Tom Lloyd's acceptance speech on taking the helm as Master of the Royal Designers for Industry, November 2021
Evergreen & Bird
Homo Sapiens play an utterly dominant part in what is now, controversially, known as the Anthropocene Epoch. As with any natural system, humanity’s evolution and development is a constant process of inputs and outputs, action, and reaction, as co-habitants of the natural world. This epoch has been so named because for the first time in the Earth’s history, our actions are putting now unbearable strain on the habitat that we share and that we depend on for life.
As both designers and humans, we are participants in this system, and never more critically than now. These two images are both shocking and sad to me, and so expressive of the challenges that we face today.
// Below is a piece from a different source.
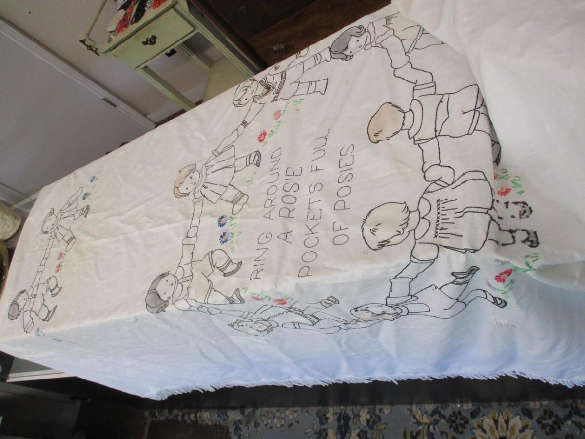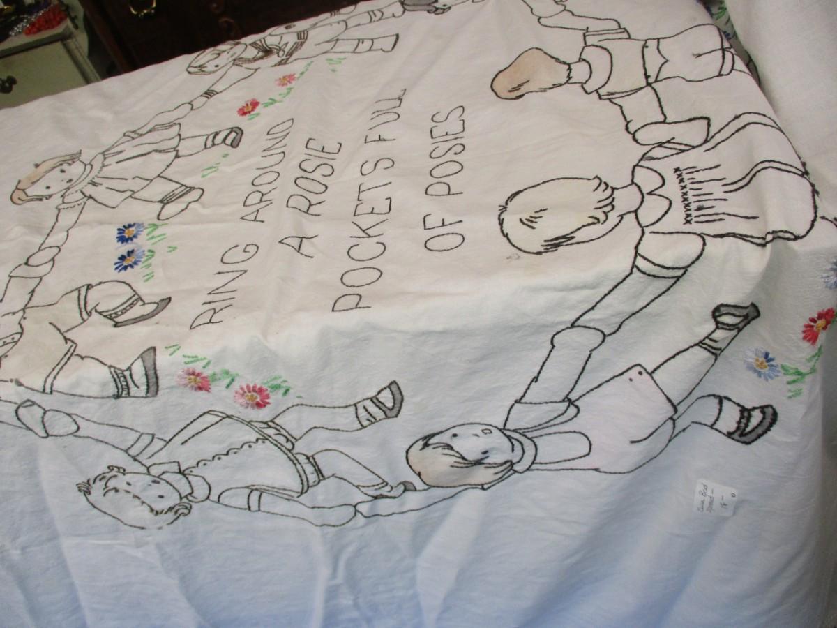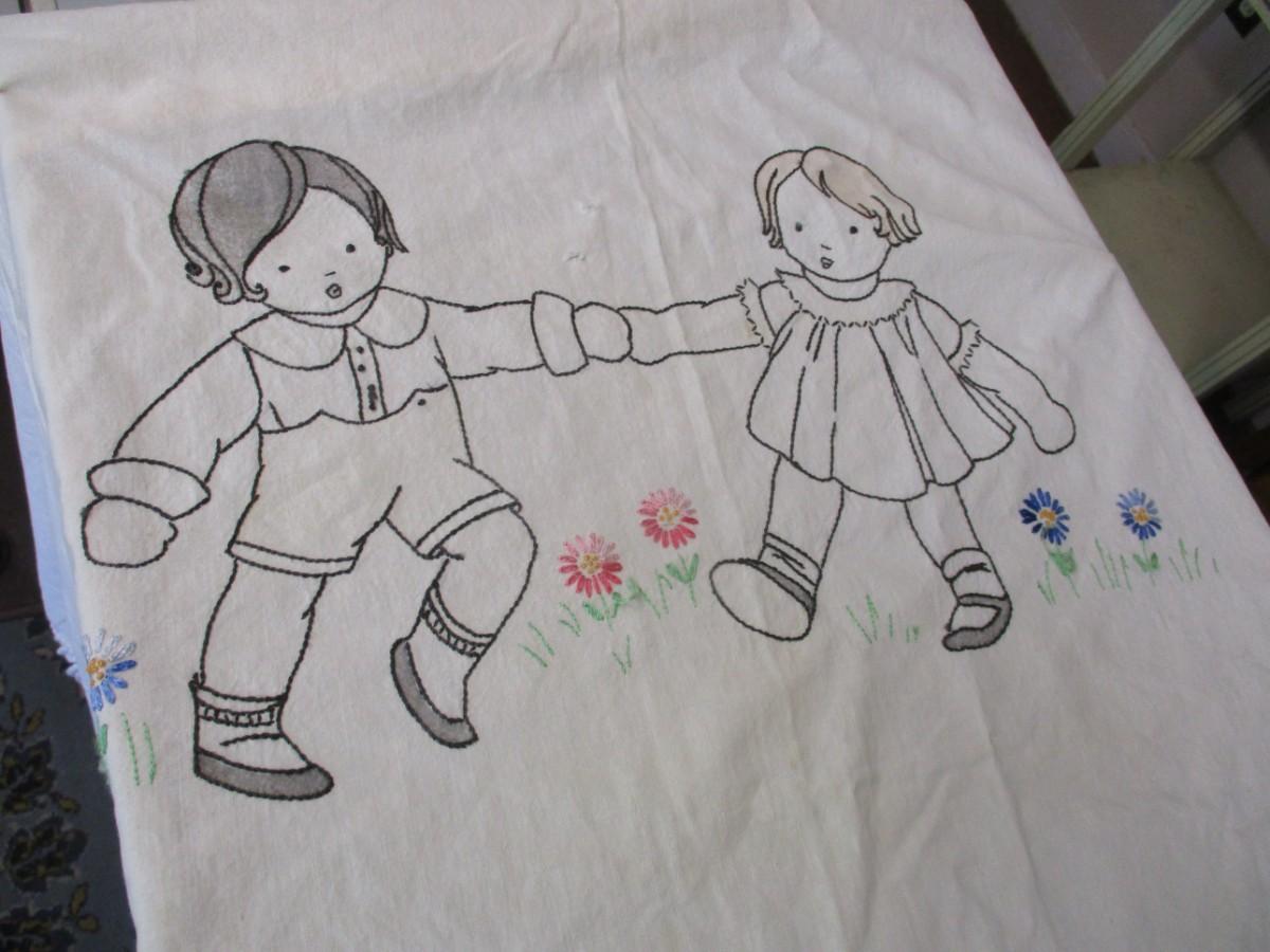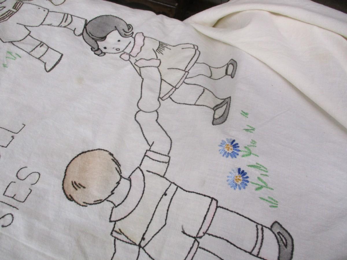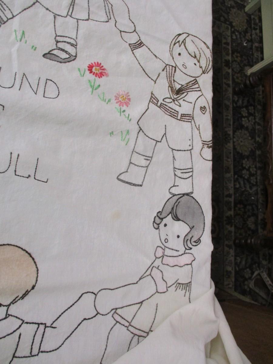 Vintage Stitched Children at Play Twin Bed Spread - F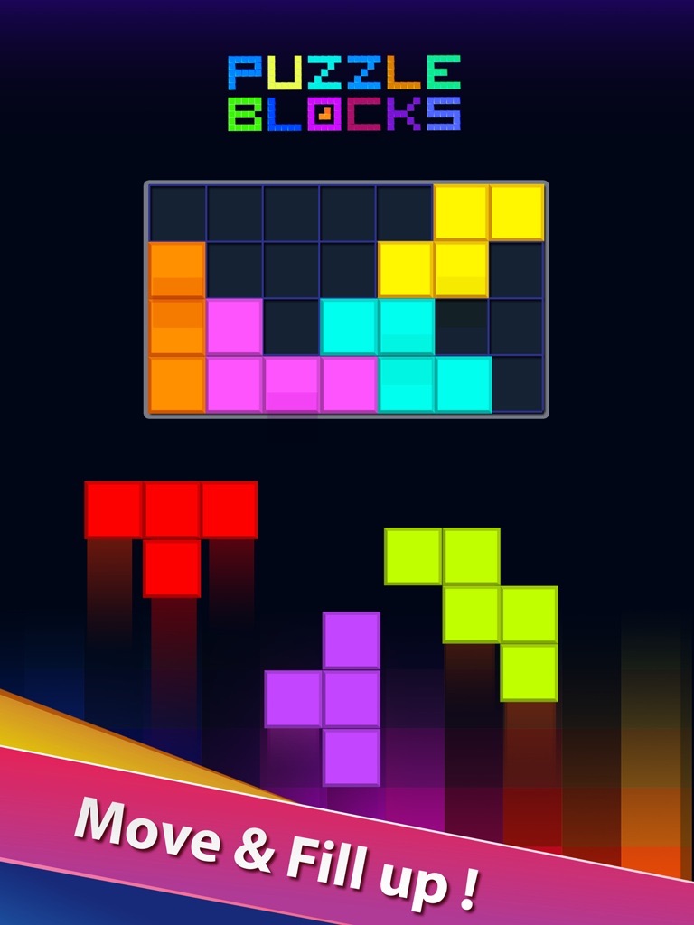 Game using dark interface with classic puzzle blocks. All levels are random all the time so you never play the same thing.

Why is it that we somehow disconnect our own contribution to this reality through the acquisition of our new kitchens, bicycles and books stored in those containers and the plastic lodged in that bird’s stomach? Hopefully, the blocking of the Suez Canal by the stranded Evergreen may be in future seen as a watershed moment in drawing our attention to the realities of global production and consumption that we have become so accustomed to.
So, I want to talk this evening about change and our role as designers in responding to and leading change in the world.
Raymond Loewy
For decades hence, the car was an optimistic and aspirational path to our future, a symbol of progress and freedom.